Transcribe the whole listing exactly; the images stay out.

### INFORMATION PROVIDED
########################################

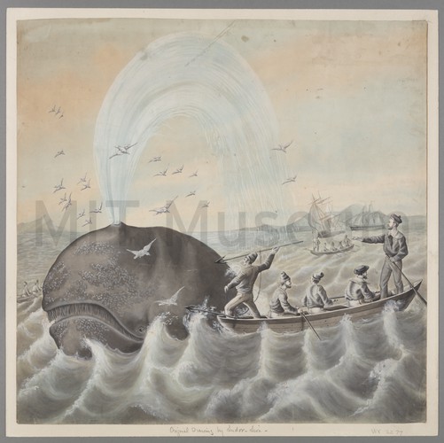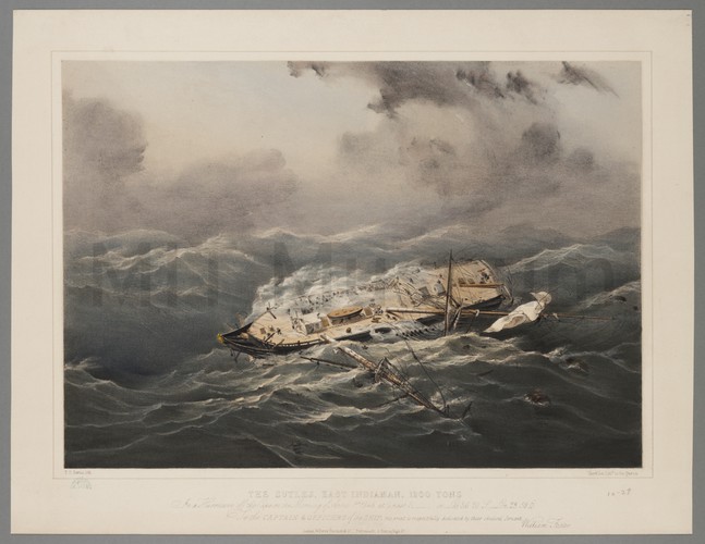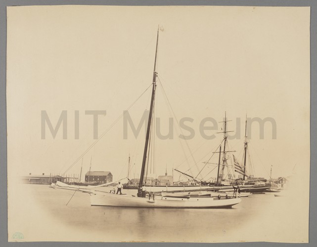 A view of the iron cutter yacht, 'Mosquito,' at sea with several ships and yachts in the distance. The 'Mosquito' was a well-known iron cutter yacht famous for her speed and for winning in prestigious cup races. Her winnings are listed in the margin below the title along with two illustrations of a winning cup.
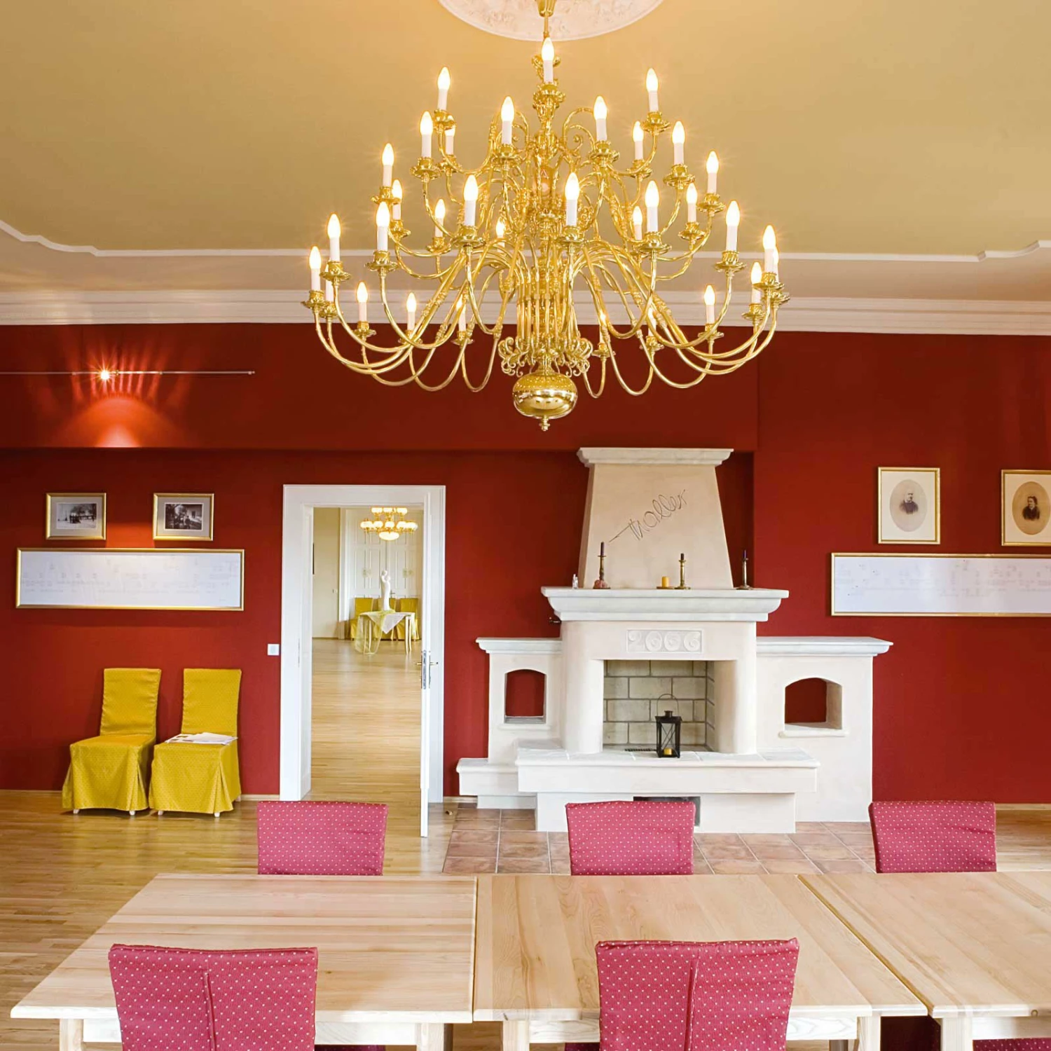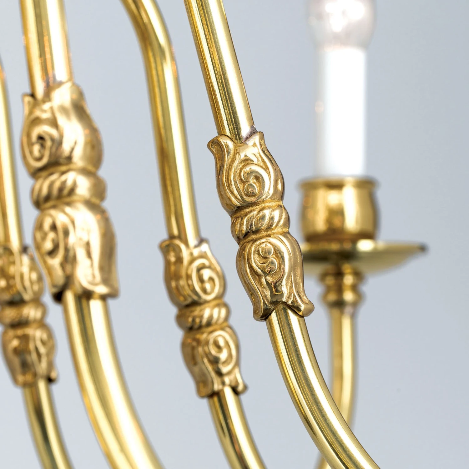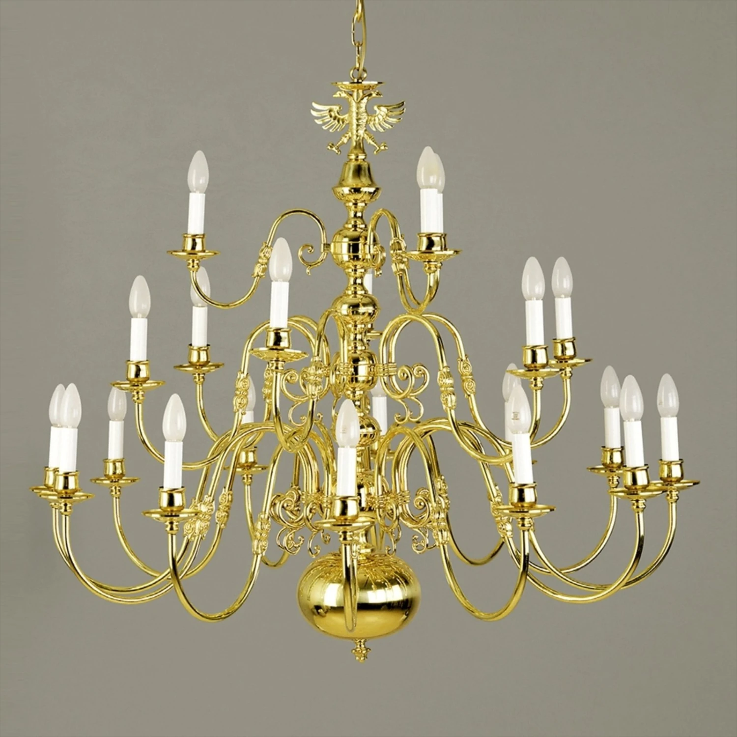 Der prächtige Kronleuchter Maximilian ist stilecht flämisch im Design und besticht durch ein Leuchtergestell in elegant poliertem Messing. Das imposante Leuchtenobjekt ist handgearbeitet. Die herrliche glänzende Oberfläche erzeugt eine prachtvolle optische Kombination mit den 21 weiß gehaltenen Kerzenfassungen. Die Leuchtenarme sind filigran und formschön gestaltet. Ein symmetrisch gespiegeltes Adler-Emblem schmückt den Kopf des Kronleuchters. Maximilian kann mit 21 Lampen eine große Räumlichkeit bequem erhellen. Die prunkvolle Erscheinung gefällt in jedem hochwertigen Festsaal. Kronleuchter Maximilian ist für repräsentative Anlässe wie geschaffen. Österreichisches Qualitätsprodukt.
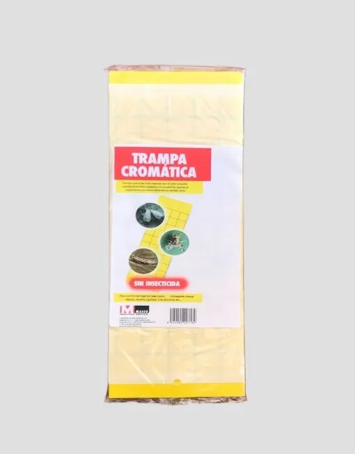 Esta trampa cromática es especialmente útil para el control de insectos como minadores, mosca blanca, trips, ceratitis capitata, tuta absoluta y otros insectos comunes en las huertas. Lo mejor de todo es que la trampa cromática huerta no contiene insecticida, lo que la hace segura para su uso en cualquier lugar.
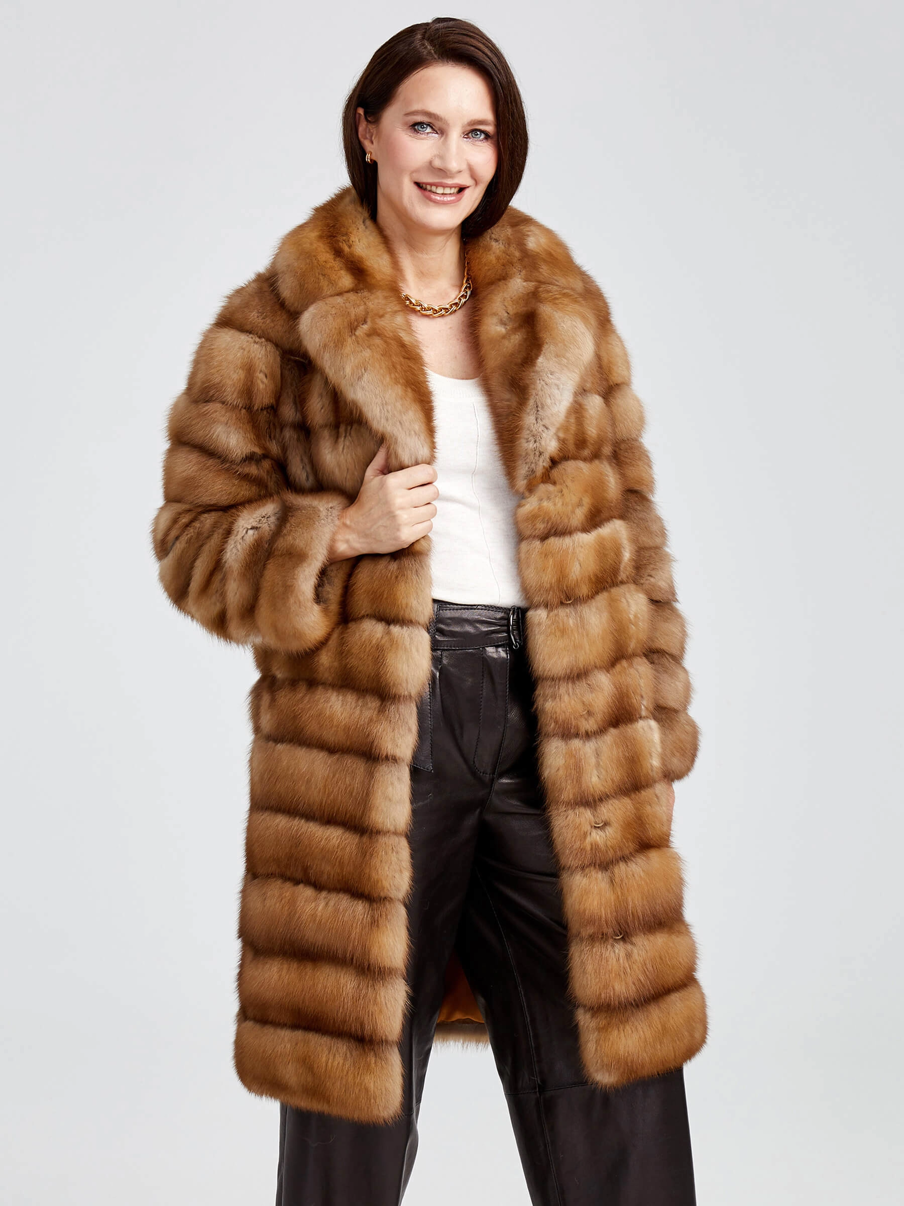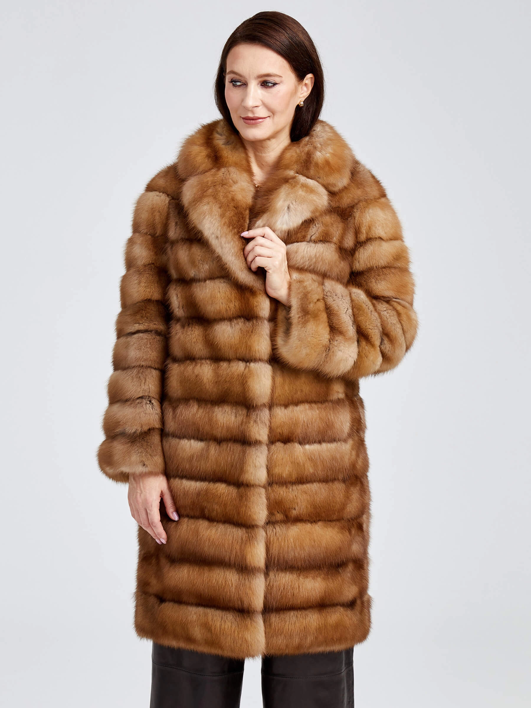 Изысканное пальто длиной 90 см из меха куницы с горизонтальной раскладкой: густой подшёрсток создаёт бархатистое тепло, а невысокий воротник-стойка и застёжка на клипсах подчёркивают классический силуэт. Совет стилиста: сочетайте с кожаными брюками и лаковыми сапогами для вечернего выхода или с кашемировым платьем-миди — невероятная лёгкость и комфорт этой шубы сделают её жемчужиной вашего гардероба. Для тех, кто ценит не только роскошь, но и практичность, где каждый элемент подчинён гармонии стиля и комфорта.

########################################

### ANSWER FOR THE TASK
 A view of the iron cutter yacht, 'Mosquito,' at sea with several ships and yachts in the distance. The 'Mosquito' was a well-known iron cutter yacht famous for her speed and for winning in prestigious cup races. Her winnings are listed in the margin below the title along with two illustrations of a winning cup.
 Der prächtige Kronleuchter Maximilian ist stilecht flämisch im Design und besticht durch ein Leuchtergestell in elegant poliertem Messing. Das imposante Leuchtenobjekt ist handgearbeitet. Die herrliche glänzende Oberfläche erzeugt eine prachtvolle optische Kombination mit den 21 weiß gehaltenen Kerzenfassungen. Die Leuchtenarme sind filigran und formschön gestaltet. Ein symmetrisch gespiegeltes Adler-Emblem schmückt den Kopf des Kronleuchters. Maximilian kann mit 21 Lampen eine große Räumlichkeit bequem erhellen. Die prunkvolle Erscheinung gefällt in jedem hochwertigen Festsaal. Kronleuchter Maximilian ist für repräsentative Anlässe wie geschaffen. Österreichisches Qualitätsprodukt.
 Esta trampa cromática es especialmente útil para el control de insectos como minadores, mosca blanca, trips, ceratitis capitata, tuta absoluta y otros insectos comunes en las huertas. Lo mejor de todo es que la trampa cromática huerta no contiene insecticida, lo que la hace segura para su uso en cualquier lugar.
 Изысканное пальто длиной 90 см из меха куницы с горизонтальной раскладкой: густой подшёрсток создаёт бархатистое тепло, а невысокий воротник-стойка и застёжка на клипсах подчёркивают классический силуэт. Совет стилиста: сочетайте с кожаными брюками и лаковыми сапогами для вечернего выхода или с кашемировым платьем-миди — невероятная лёгкость и комфорт этой шубы сделают её жемчужиной вашего гардероба. Для тех, кто ценит не только роскошь, но и практичность, где каждый элемент подчинён гармонии стиля и комфорта.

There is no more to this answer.